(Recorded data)

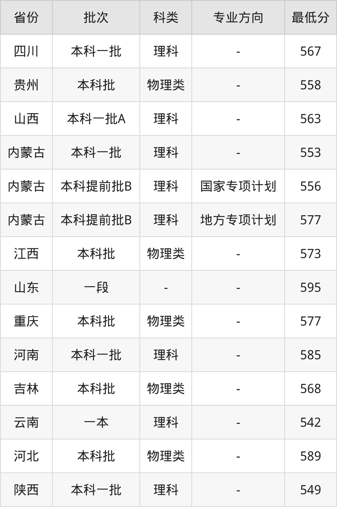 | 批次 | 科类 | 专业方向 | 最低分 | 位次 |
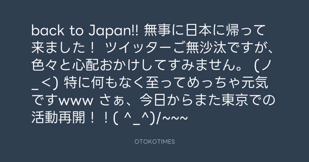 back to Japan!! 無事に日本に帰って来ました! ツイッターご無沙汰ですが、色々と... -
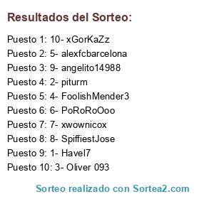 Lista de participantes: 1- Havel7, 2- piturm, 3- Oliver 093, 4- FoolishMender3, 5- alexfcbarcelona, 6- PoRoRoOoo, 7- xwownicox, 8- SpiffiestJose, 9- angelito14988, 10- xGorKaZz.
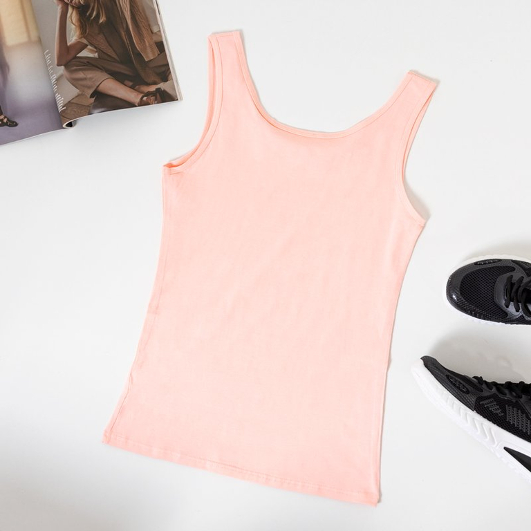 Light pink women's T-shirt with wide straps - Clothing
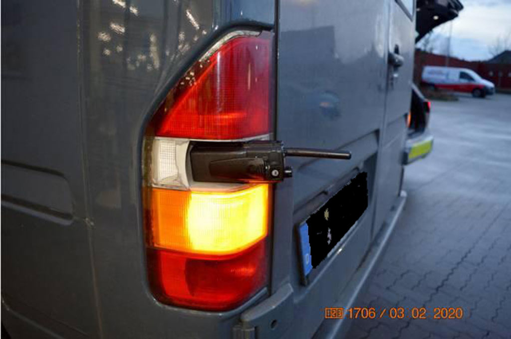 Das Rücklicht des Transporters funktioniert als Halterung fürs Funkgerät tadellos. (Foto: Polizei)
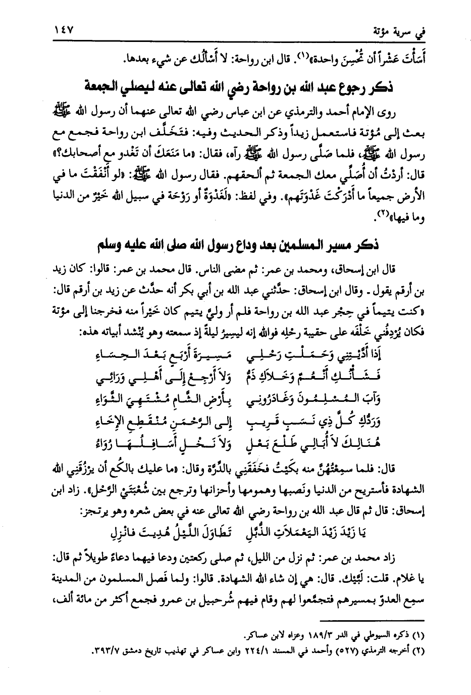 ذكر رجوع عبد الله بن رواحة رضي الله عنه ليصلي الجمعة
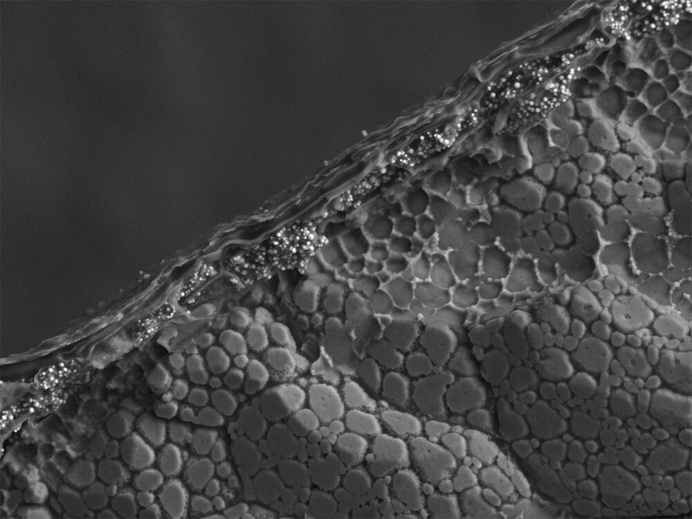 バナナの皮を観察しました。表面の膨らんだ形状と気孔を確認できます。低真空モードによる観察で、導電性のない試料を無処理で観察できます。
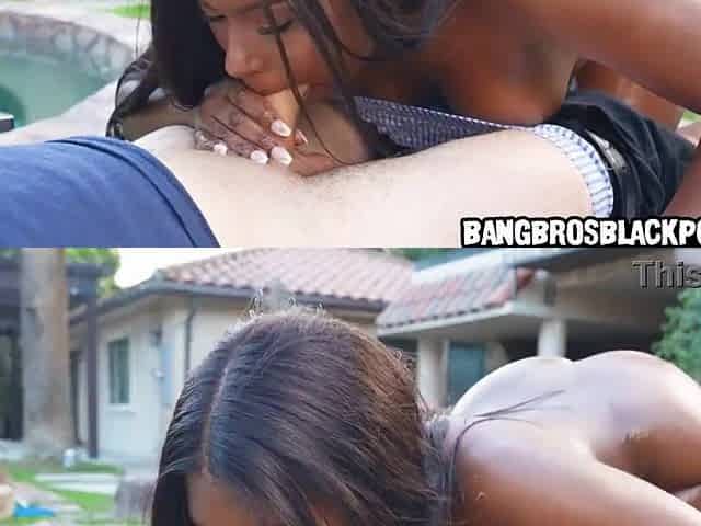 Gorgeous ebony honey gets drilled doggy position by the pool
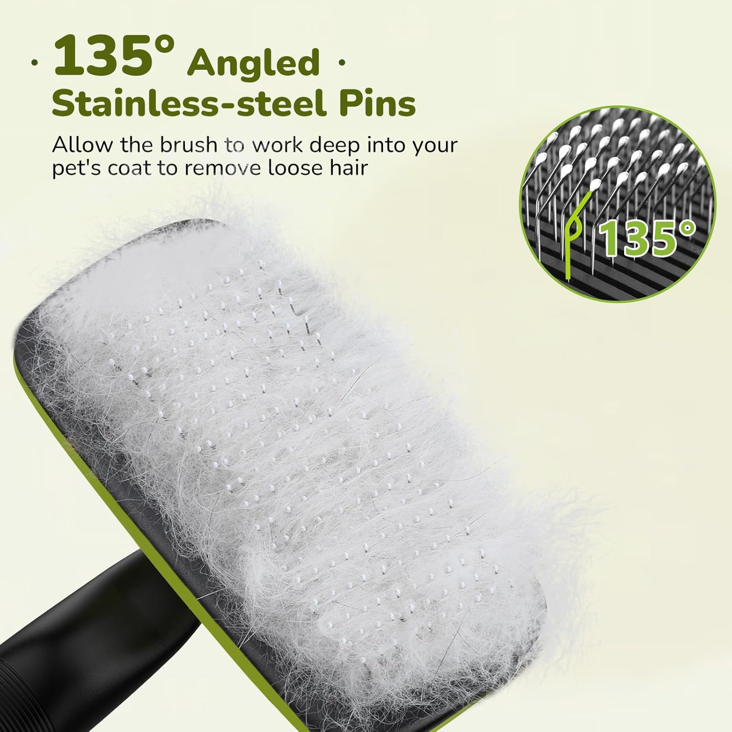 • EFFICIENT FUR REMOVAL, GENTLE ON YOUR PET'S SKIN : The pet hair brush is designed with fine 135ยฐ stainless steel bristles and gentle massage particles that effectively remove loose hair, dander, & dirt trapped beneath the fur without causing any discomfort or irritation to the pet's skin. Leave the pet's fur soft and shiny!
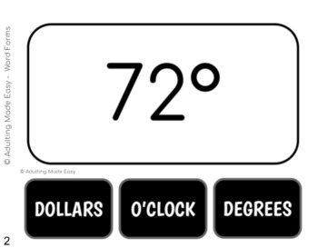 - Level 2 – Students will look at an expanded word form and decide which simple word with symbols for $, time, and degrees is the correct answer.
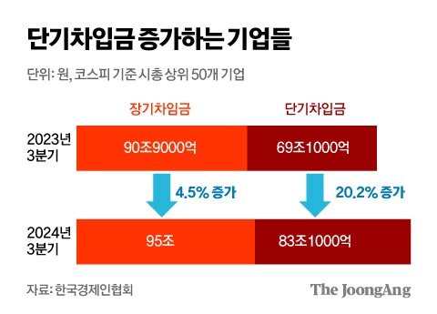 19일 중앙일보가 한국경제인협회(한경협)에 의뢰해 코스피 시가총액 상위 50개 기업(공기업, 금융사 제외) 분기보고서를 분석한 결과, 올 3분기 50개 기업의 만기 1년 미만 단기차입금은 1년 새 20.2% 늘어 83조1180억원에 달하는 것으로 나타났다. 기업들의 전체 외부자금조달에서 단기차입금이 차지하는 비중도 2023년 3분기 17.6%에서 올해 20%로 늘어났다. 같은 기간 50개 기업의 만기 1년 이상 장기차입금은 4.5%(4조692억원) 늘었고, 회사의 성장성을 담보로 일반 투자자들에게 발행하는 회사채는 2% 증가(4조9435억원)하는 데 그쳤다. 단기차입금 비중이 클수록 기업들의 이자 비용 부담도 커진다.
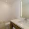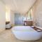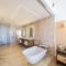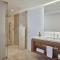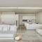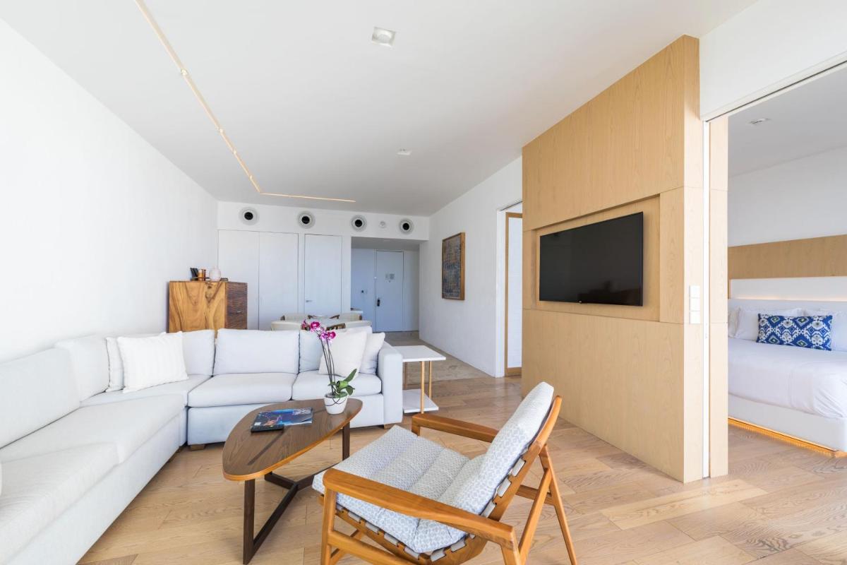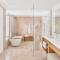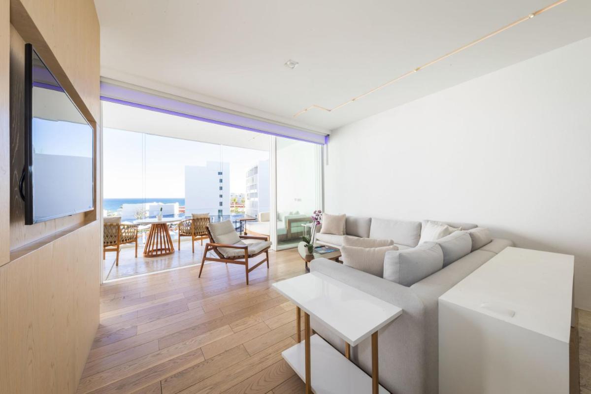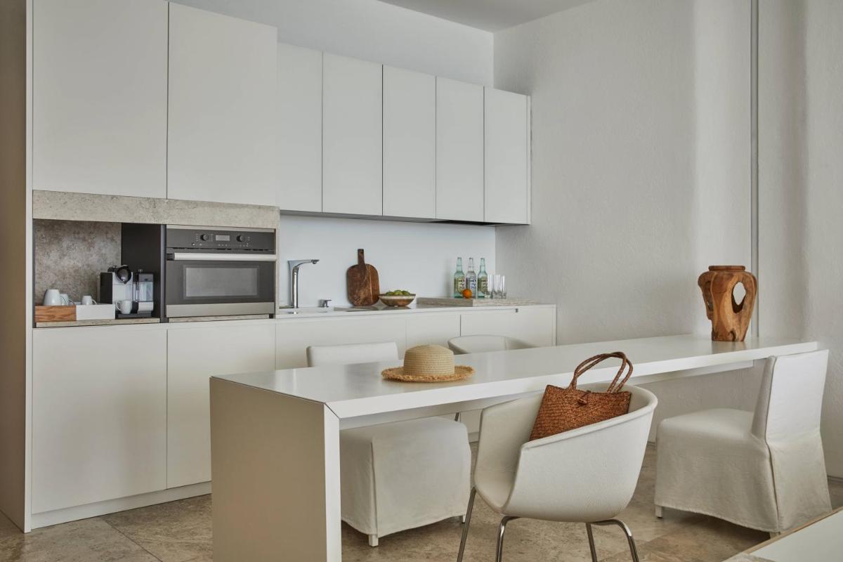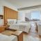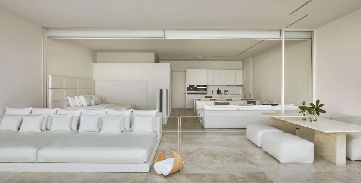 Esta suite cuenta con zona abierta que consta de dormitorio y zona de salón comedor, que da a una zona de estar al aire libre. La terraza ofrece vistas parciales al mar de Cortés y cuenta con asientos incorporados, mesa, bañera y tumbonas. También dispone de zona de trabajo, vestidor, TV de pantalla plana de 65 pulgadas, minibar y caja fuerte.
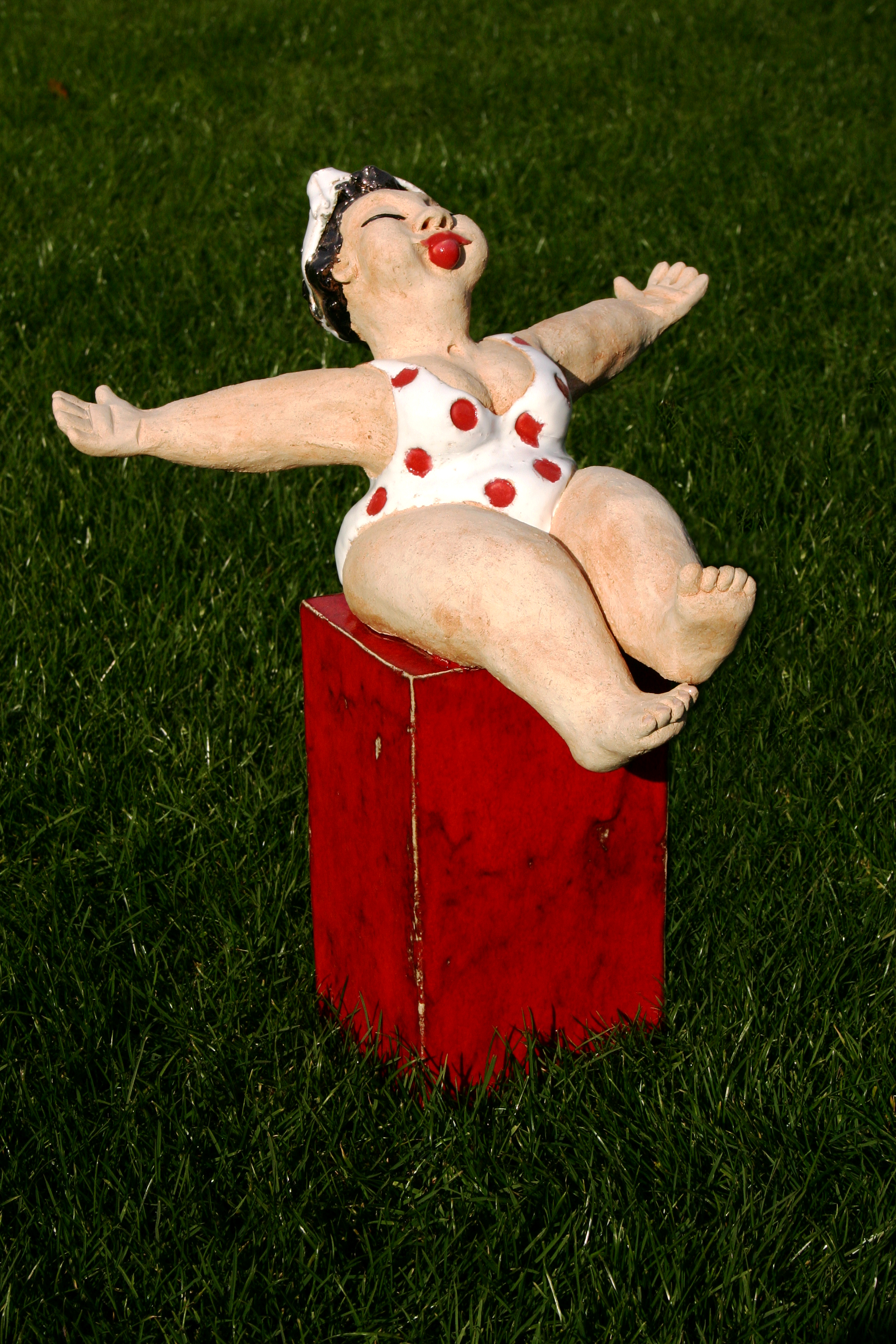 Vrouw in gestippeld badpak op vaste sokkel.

_DIRECTIONS_
Return exactly the stretch above whose first line contains "Light pink women's" and whose last line contains "- Level 2 –", and nothing outside it. The pictures should not appear.

_ANSWER SECTION_
 Light pink women's T-shirt with wide straps - Clothing
 Das Rücklicht des Transporters funktioniert als Halterung fürs Funkgerät tadellos. (Foto: Polizei)
 ذكر رجوع عبد الله بن رواحة رضي الله عنه ليصلي الجمعة
 バナナの皮を観察しました。表面の膨らんだ形状と気孔を確認できます。低真空モードによる観察で、導電性のない試料を無処理で観察できます。
 Gorgeous ebony honey gets drilled doggy position by the pool
 • EFFICIENT FUR REMOVAL, GENTLE ON YOUR PET'S SKIN : The pet hair brush is designed with fine 135ยฐ stainless steel bristles and gentle massage particles that effectively remove loose hair, dander, & dirt trapped beneath the fur without causing any discomfort or irritation to the pet's skin. Leave the pet's fur soft and shiny!
 - Level 2 – Students will look at an expanded word form and decide which simple word with symbols for $, time, and degrees is the correct answer.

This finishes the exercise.